-- INFORMATION PROVIDED follows --

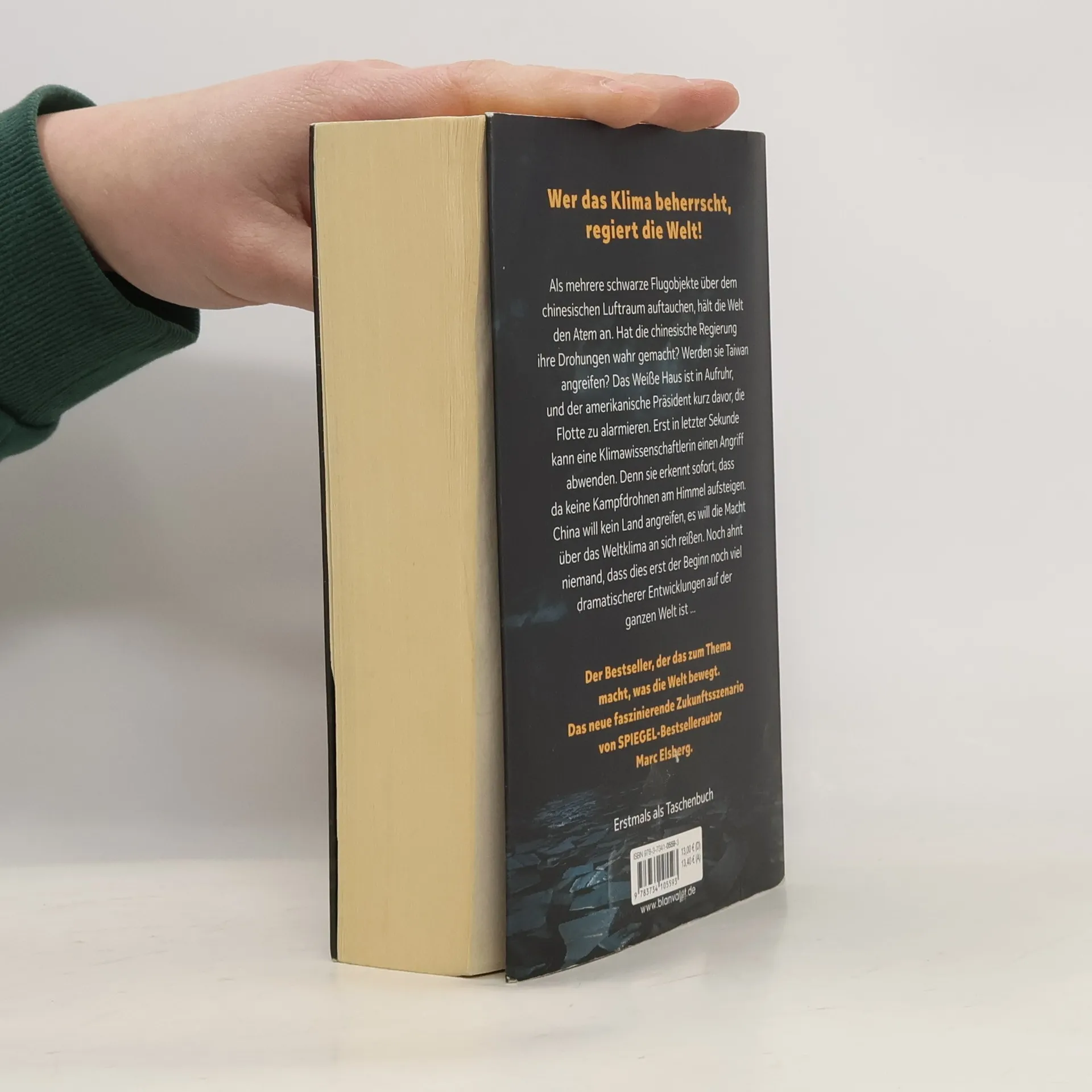 In Marc Elsbergs neuem Taschenbuch beobachten die Welt und das Weiße Haus besorgt schwarze Flugobjekte über China. Eine Klimawissenschaftlerin erkennt, dass es sich nicht um einen militärischen Angriff handelt, sondern um Chinas Bestreben, die Kontrolle über das Weltklima zu erlangen. Dies ist erst der Anfang einer dramatischen Entwicklung.
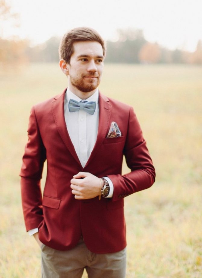 Следует обратить внимание на насыщенные цвета. Сейчас в моде фиолетовые и вишневые оттенки. Яркий пиджак, сшитый из материала со сложной фактурой и украшенный интересными принтами, станет центральной темой для обсуждения среди собравшихся на торжество гостей.
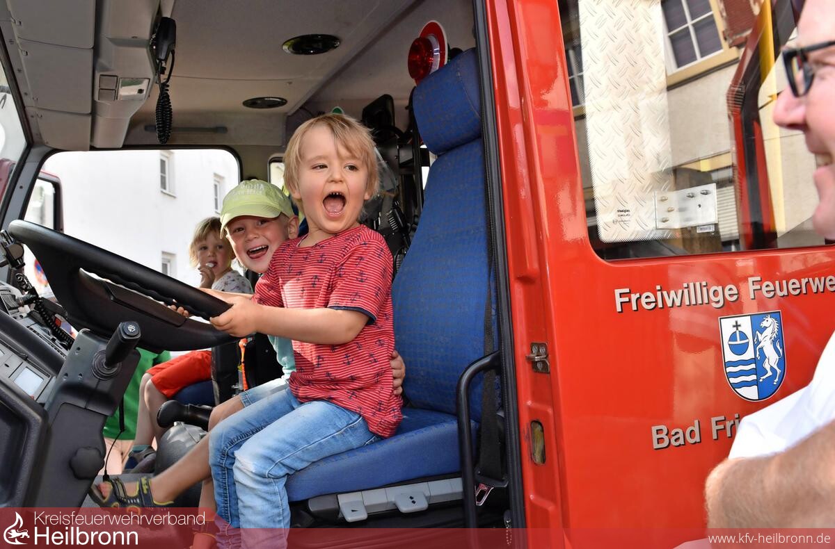 Hüpfburg, Spritzenhäuschen und Zuckerwatte begeisterten die jungen Besucher − vor allem aber natürlich das große rote Auto vor Ort. Rainer Götzenberger hievte die kleinen Interessenten, die mit großen Augen vor dem LF 10/6 standen, geduldig auf den Fahrer- oder Beifahrersitz und ersatzweise in die Mannschaftskabine und erklärte, wofür die Schalter alle sind. Lotte war ganz heiß auf das Feuerwehrauto, das sie schon aus dem Fernsehen durch den „Feuerwehrmann Sam“ kennt. Mutter Melanie Heidinger stellt fest, dass die informativen Folgen mit ihrer realistischen Darstellung bei der Fünfjährigen sehr gut ankommen.

-- INFORMATION PROVIDED concluded --

| DIRECTIONS |
Please retype the data exactly as it appears, but without any of its pictures.

| WORKED SOLUTION |
 In Marc Elsbergs neuem Taschenbuch beobachten die Welt und das Weiße Haus besorgt schwarze Flugobjekte über China. Eine Klimawissenschaftlerin erkennt, dass es sich nicht um einen militärischen Angriff handelt, sondern um Chinas Bestreben, die Kontrolle über das Weltklima zu erlangen. Dies ist erst der Anfang einer dramatischen Entwicklung.
 Следует обратить внимание на насыщенные цвета. Сейчас в моде фиолетовые и вишневые оттенки. Яркий пиджак, сшитый из материала со сложной фактурой и украшенный интересными принтами, станет центральной темой для обсуждения среди собравшихся на торжество гостей.
 Hüpfburg, Spritzenhäuschen und Zuckerwatte begeisterten die jungen Besucher − vor allem aber natürlich das große rote Auto vor Ort. Rainer Götzenberger hievte die kleinen Interessenten, die mit großen Augen vor dem LF 10/6 standen, geduldig auf den Fahrer- oder Beifahrersitz und ersatzweise in die Mannschaftskabine und erklärte, wofür die Schalter alle sind. Lotte war ganz heiß auf das Feuerwehrauto, das sie schon aus dem Fernsehen durch den „Feuerwehrmann Sam“ kennt. Mutter Melanie Heidinger stellt fest, dass die informativen Folgen mit ihrer realistischen Darstellung bei der Fünfjährigen sehr gut ankommen.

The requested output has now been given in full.